=== Your instructions ===
Pictures are not part of the copy; retype all the records below exactly.

==== Task data

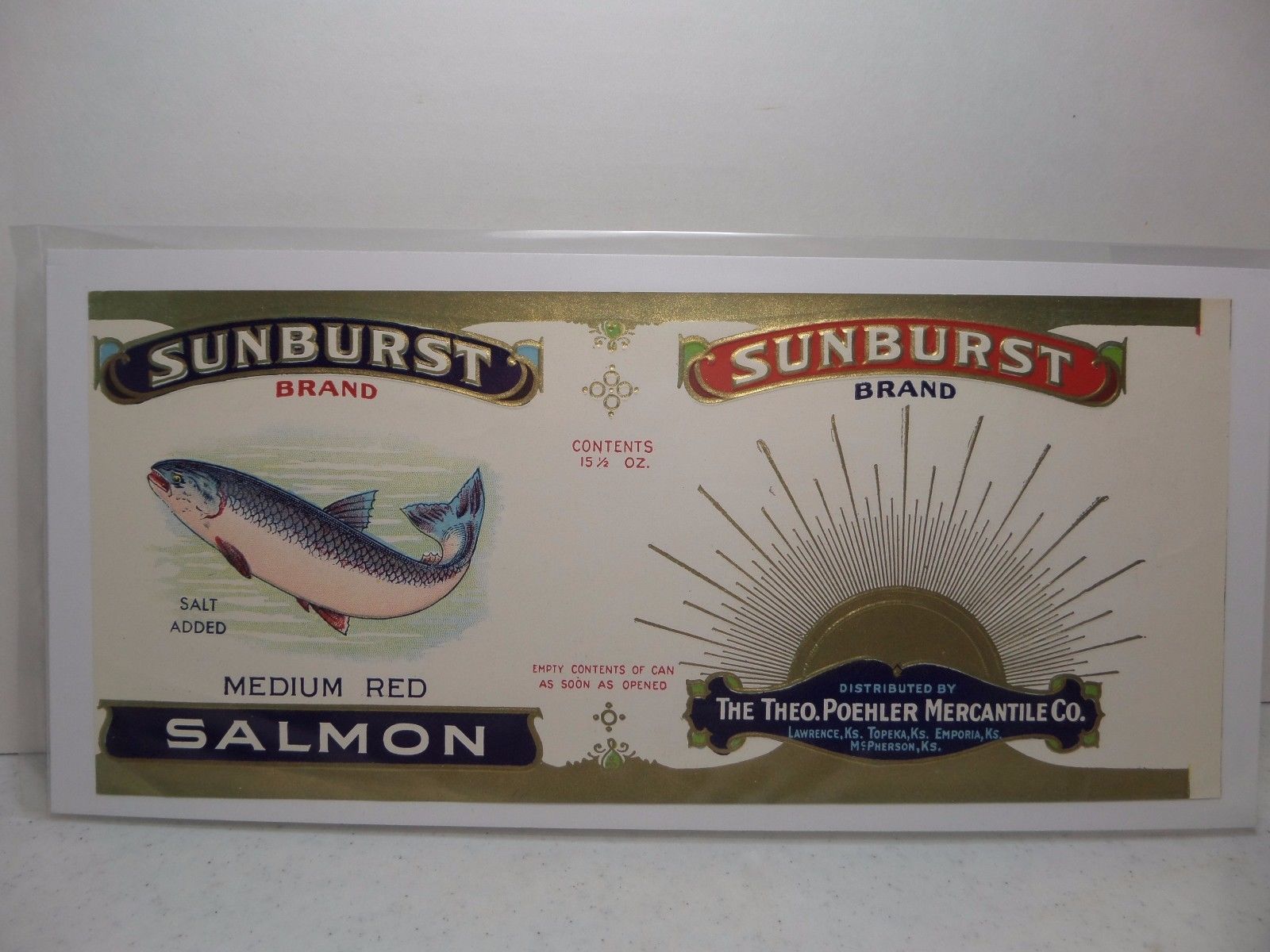 Title (ebay affiliate link): (Lot #2011) Antique Poehler Mercantile Kansas Sunburst Brand Salmon Can Label
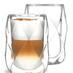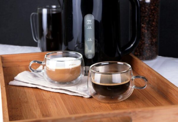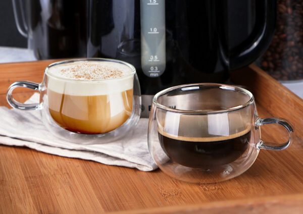 Szklanki filiżanki termiczne z podwójną ścianką wykonane z lekkiego szkła boro-krzemowego, zaletą tego szkła jest odporność na wysokie i niskie temperatury od -20 do +150 stopni Celsjusza.
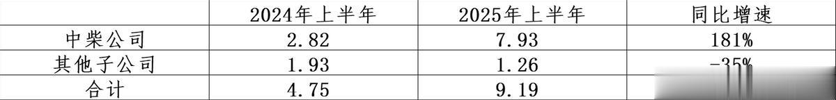 净利润方面,中柴公司的半年度净利润15.3亿元,同比增加181%。按照51.85%的持股比例计算,中柴公司对中国动力归母净利润的贡献值为7.93亿元,占比约为86.3%。同样,我们可以算出其他子公司2025年和2024年半年度净利润,除了中柴公司外的其他子公司半年度利润同比增速约为-35%。
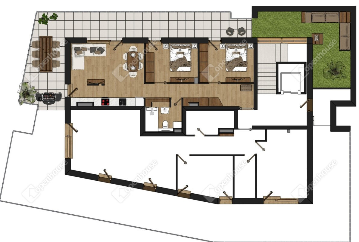 - Ezen a szinten csak 2 lakás található.
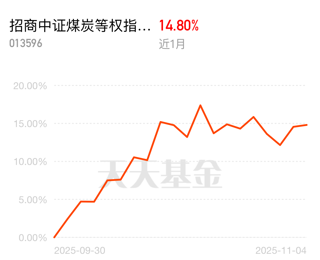 今天开盘,煤炭板块比昨天更活跃,早盘就涨了不少,势头不减。招商中证煤炭等权指数C近1个月14.98%,表现很突出。$招商中证煤炭等权指数(LOF)C$
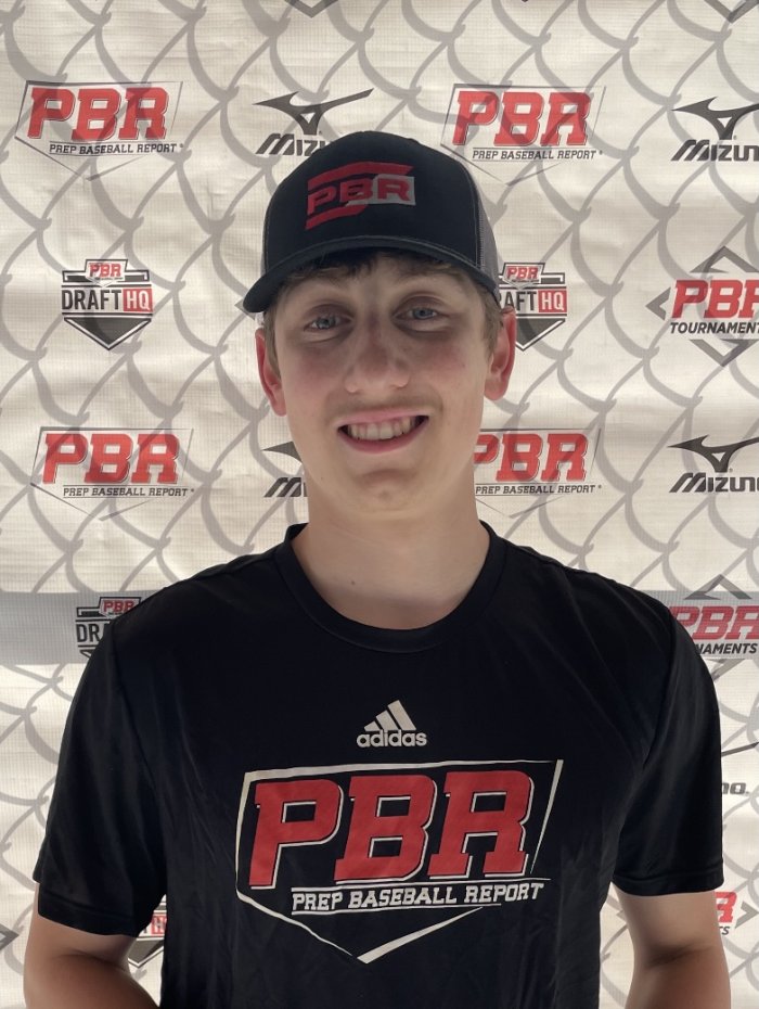 Offensively: RHH. Wide feet and bent knees, keeps the hands up very high above the ears; uses a toe tap into a small stride forward, pushes the hands back slightly just before swinging. Active lower half, repeatable and on time in his mechanics with Slightly uphill path, bottom hand dominant swing with a knob to the ball type swing. Shot the ball well the other way, also sprayed some line drives to the pull side; peak Trackman exit velocity of 91 MPH.
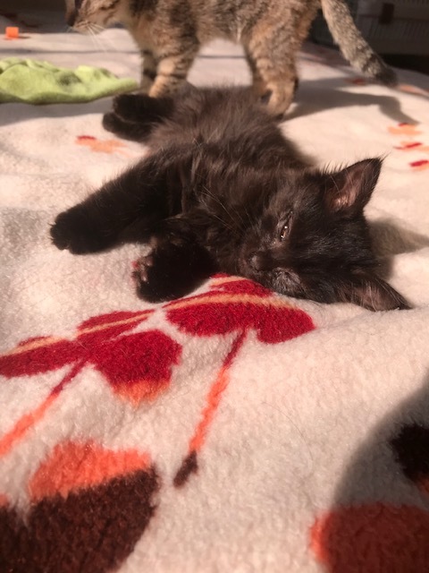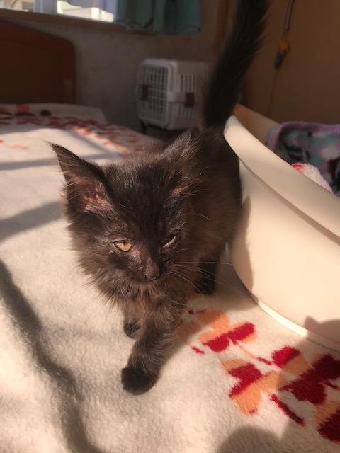 | 特徴(性格など) | 黒の長毛でとても甘えてくる可愛い性格です。虐待され劣悪なとこにいた為、今は目が悪いですが治療をしてるので両目とも見えるようになります | ||
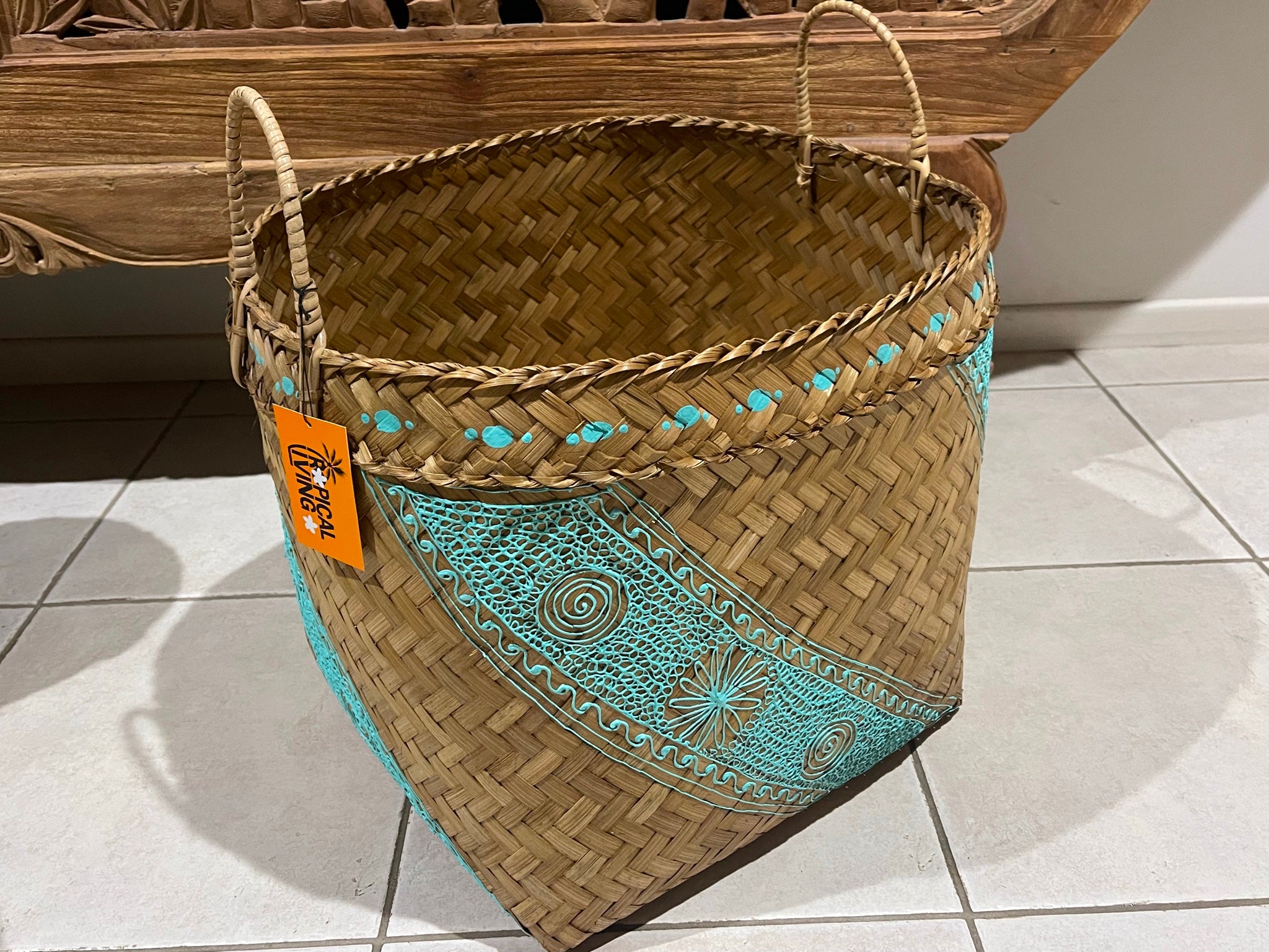 This beautifully hand woven bamboo basket with hand painted mandala design is just gorgeous as you can see in the photos and will add Tropical Charm to your home.
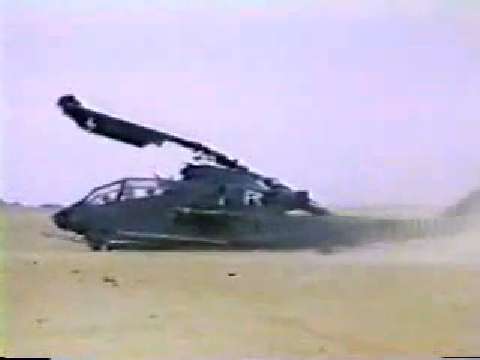 Cobra crashes when attempting to takeoff in a brownout in Iraq. No one was seriously injured.
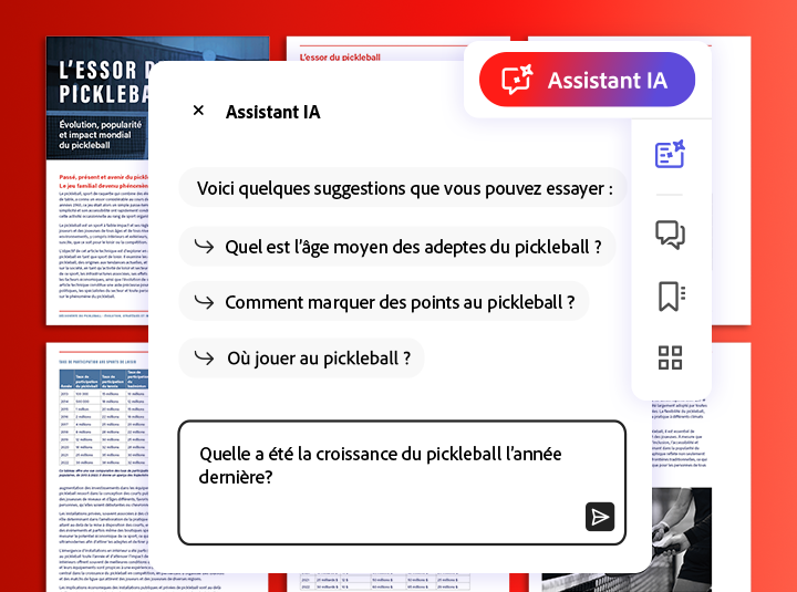 Découvrez l'Assistant IA d'Acrobat. Posez des questions à votre document et obtenez des synthèses d'un simple clic pour bénéficier d'insights en un clin d'œil et booster votre productivité. Ajoutez l'Assistant IA d'Acrobat. PRICE - ABM - AI Assistant for Acrobat {{small-tax-incl-label}} pour une {{annual-paid-monthly-plan}}.
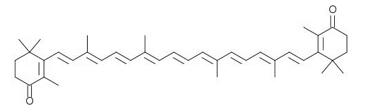 角黄素又称斑蝥黄(β-胡萝卜素-4,4-二酮),天然角黄素微量存在于某些蘑菇、甲壳类、鱼类、藻类、蛋、血液及肝脏中,部分微生物也可合成该物质。角黄素作为一种常见的着色剂,广泛用于食品和动物饲料,用于改善禽类蛋黄、皮肤及鱼肉色泽等。
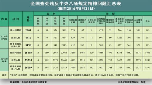 數(shù)據(jù)顯示,2016年8月全國查處違反中央八項規(guī)定精神問題2901起,處理4416人。其中鄉(xiāng)科級干部違反中央八項規(guī)定精神問題比較嚴重,達到2489件。另外,“違規(guī)發(fā)放津補貼或福利”情況最為嚴重,達到746件。
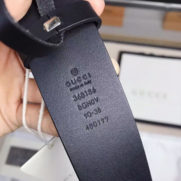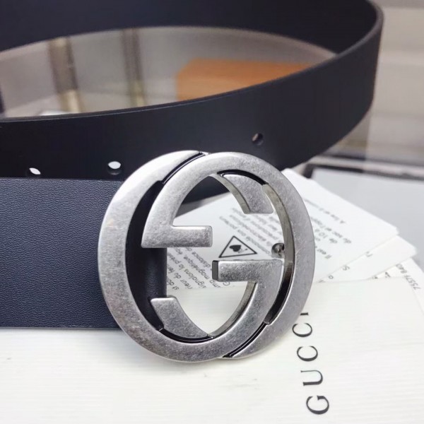 Brand new, Gucci belt comes in sleek black leather with an interlocking GG silver palladium-toned buckle, making this the perfect belt to match with just about any outfit. This classic Gucci belt is a true staple piece.
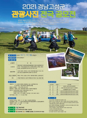 고성군(군수 백두현)은 오는 11월 1일부터 19일까지 전국민을 대상으로 고성의 아름다운 관광자원을 담아낸「2021 경남 고성군 관광사진 전국 공모전」 의 응모작품을 접수한다고 밝혔다.
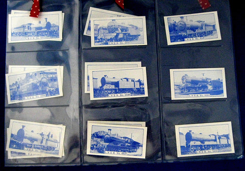 Each blue and white card identifies and is of an engine and is taken from a real photograph and are all marked L.N.E.R. Each card measures each 1.5 inches by 2.75 inches and is in excellent used vintage condition.
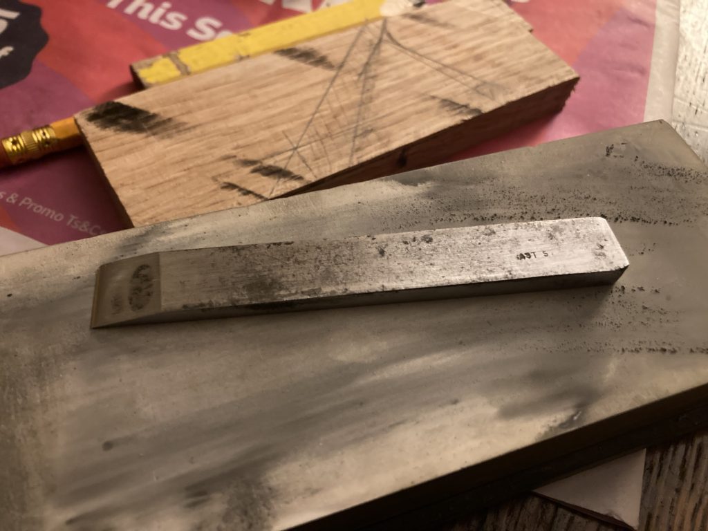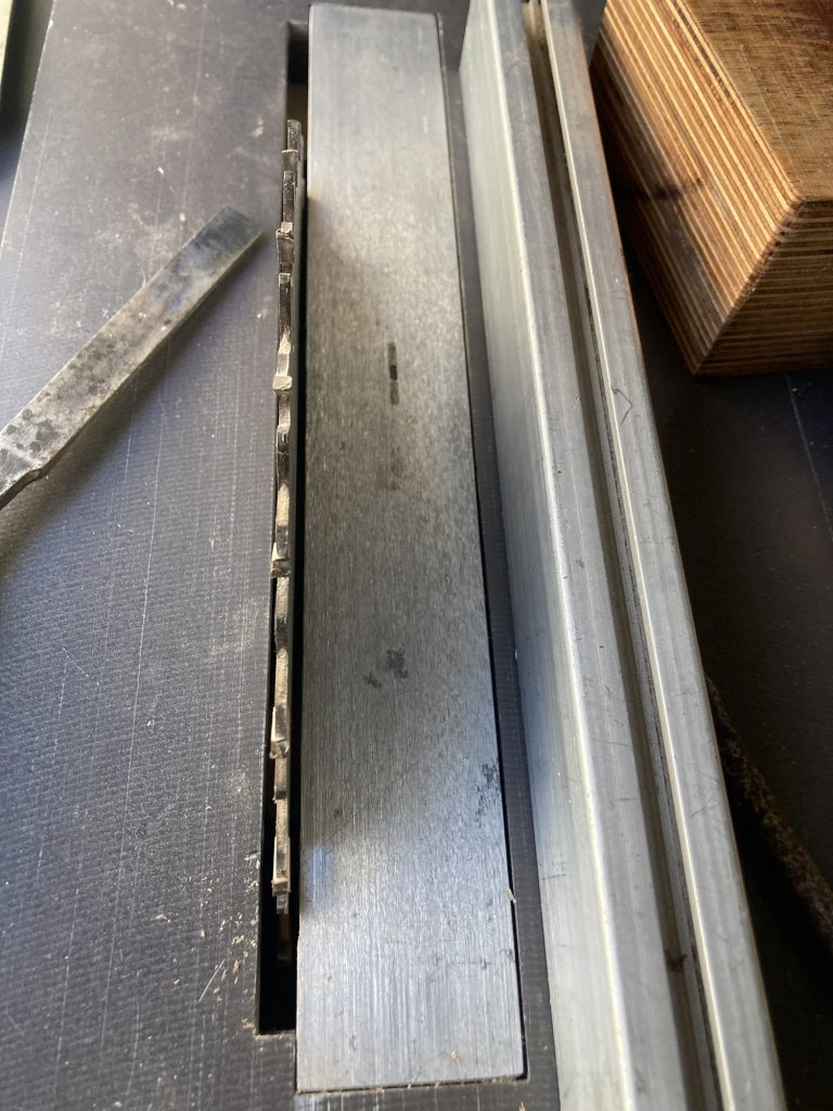 That’s where she’s at for now… The iron doesn’t come all the way through, to the sole. But that’s intentional. I need to cut a triangle in the base, the iron will protrude through, into that right angle, thereby cutting the bevel.

========

=== Problem solution ===
 Title (ebay affiliate link): (Lot #2011) Antique Poehler Mercantile Kansas Sunburst Brand Salmon Can Label
 Szklanki filiżanki termiczne z podwójną ścianką wykonane z lekkiego szkła boro-krzemowego, zaletą tego szkła jest odporność na wysokie i niskie temperatury od -20 do +150 stopni Celsjusza.
 净利润方面,中柴公司的半年度净利润15.3亿元,同比增加181%。按照51.85%的持股比例计算,中柴公司对中国动力归母净利润的贡献值为7.93亿元,占比约为86.3%。同样,我们可以算出其他子公司2025年和2024年半年度净利润,除了中柴公司外的其他子公司半年度利润同比增速约为-35%。
 - Ezen a szinten csak 2 lakás található.
 今天开盘,煤炭板块比昨天更活跃,早盘就涨了不少,势头不减。招商中证煤炭等权指数C近1个月14.98%,表现很突出。$招商中证煤炭等权指数(LOF)C$
 Offensively: RHH. Wide feet and bent knees, keeps the hands up very high above the ears; uses a toe tap into a small stride forward, pushes the hands back slightly just before swinging. Active lower half, repeatable and on time in his mechanics with Slightly uphill path, bottom hand dominant swing with a knob to the ball type swing. Shot the ball well the other way, also sprayed some line drives to the pull side; peak Trackman exit velocity of 91 MPH.
 | 特徴(性格など) | 黒の長毛でとても甘えてくる可愛い性格です。虐待され劣悪なとこにいた為、今は目が悪いですが治療をしてるので両目とも見えるようになります | ||
 This beautifully hand woven bamboo basket with hand painted mandala design is just gorgeous as you can see in the photos and will add Tropical Charm to your home.
 Cobra crashes when attempting to takeoff in a brownout in Iraq. No one was seriously injured.
 Découvrez l'Assistant IA d'Acrobat. Posez des questions à votre document et obtenez des synthèses d'un simple clic pour bénéficier d'insights en un clin d'œil et booster votre productivité. Ajoutez l'Assistant IA d'Acrobat. PRICE - ABM - AI Assistant for Acrobat {{small-tax-incl-label}} pour une {{annual-paid-monthly-plan}}.
 角黄素又称斑蝥黄(β-胡萝卜素-4,4-二酮),天然角黄素微量存在于某些蘑菇、甲壳类、鱼类、藻类、蛋、血液及肝脏中,部分微生物也可合成该物质。角黄素作为一种常见的着色剂,广泛用于食品和动物饲料,用于改善禽类蛋黄、皮肤及鱼肉色泽等。
 數(shù)據(jù)顯示,2016年8月全國查處違反中央八項規(guī)定精神問題2901起,處理4416人。其中鄉(xiāng)科級干部違反中央八項規(guī)定精神問題比較嚴重,達到2489件。另外,“違規(guī)發(fā)放津補貼或福利”情況最為嚴重,達到746件。
 Brand new, Gucci belt comes in sleek black leather with an interlocking GG silver palladium-toned buckle, making this the perfect belt to match with just about any outfit. This classic Gucci belt is a true staple piece.
 고성군(군수 백두현)은 오는 11월 1일부터 19일까지 전국민을 대상으로 고성의 아름다운 관광자원을 담아낸「2021 경남 고성군 관광사진 전국 공모전」 의 응모작품을 접수한다고 밝혔다.
 Each blue and white card identifies and is of an engine and is taken from a real photograph and are all marked L.N.E.R. Each card measures each 1.5 inches by 2.75 inches and is in excellent used vintage condition.
 That’s where she’s at for now… The iron doesn’t come all the way through, to the sole. But that’s intentional. I need to cut a triangle in the base, the iron will protrude through, into that right angle, thereby cutting the bevel.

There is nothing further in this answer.